Activity
From the listing below, restate word for word the lines from the line containing "BSCS (Biological Sciences" down through the line containing "207 - Bernache nonnette". Exclude pictures.
*** Records shown
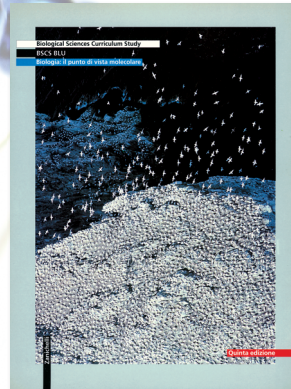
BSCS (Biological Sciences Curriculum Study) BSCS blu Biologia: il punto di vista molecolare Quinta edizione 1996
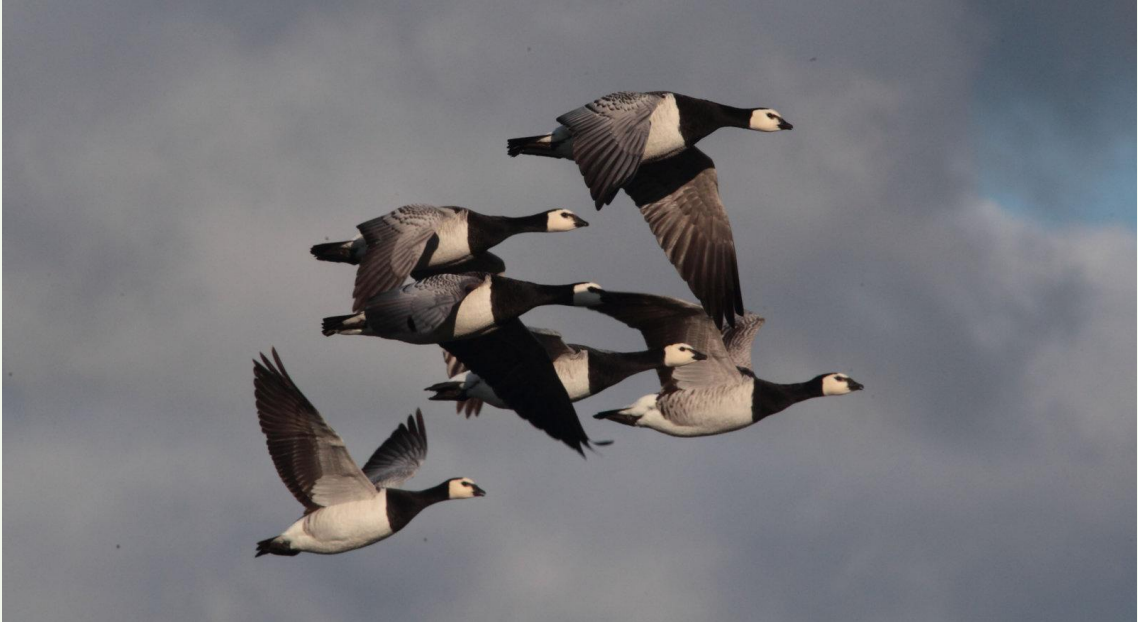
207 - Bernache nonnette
******
*** Records shown
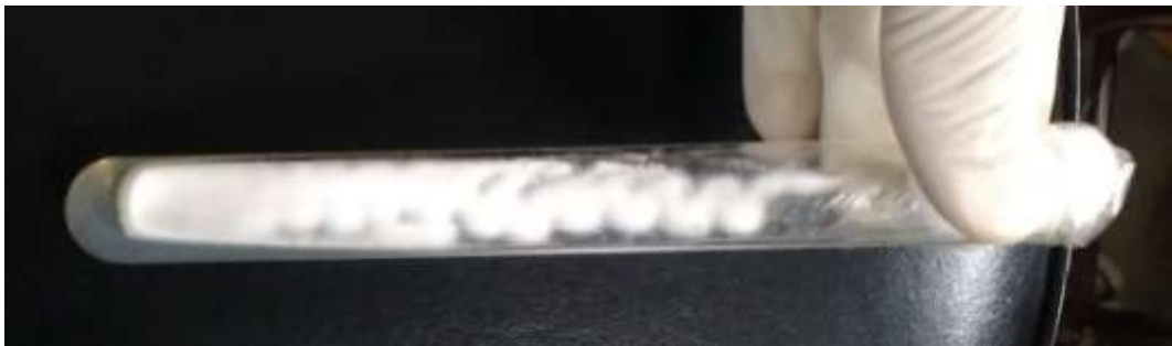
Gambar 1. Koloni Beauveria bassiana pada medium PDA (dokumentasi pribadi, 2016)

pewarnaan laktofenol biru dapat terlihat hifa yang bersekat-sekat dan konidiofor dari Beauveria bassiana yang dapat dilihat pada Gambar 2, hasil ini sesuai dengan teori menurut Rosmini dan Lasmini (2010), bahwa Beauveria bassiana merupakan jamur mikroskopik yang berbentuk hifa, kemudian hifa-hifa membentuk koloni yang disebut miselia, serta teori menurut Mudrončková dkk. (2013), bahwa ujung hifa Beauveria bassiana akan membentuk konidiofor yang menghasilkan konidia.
******
Answer box
BSCS (Biological Sciences Curriculum Study) BSCS blu Biologia: il punto di vista molecolare Quinta edizione 1996
207 - Bernache nonnette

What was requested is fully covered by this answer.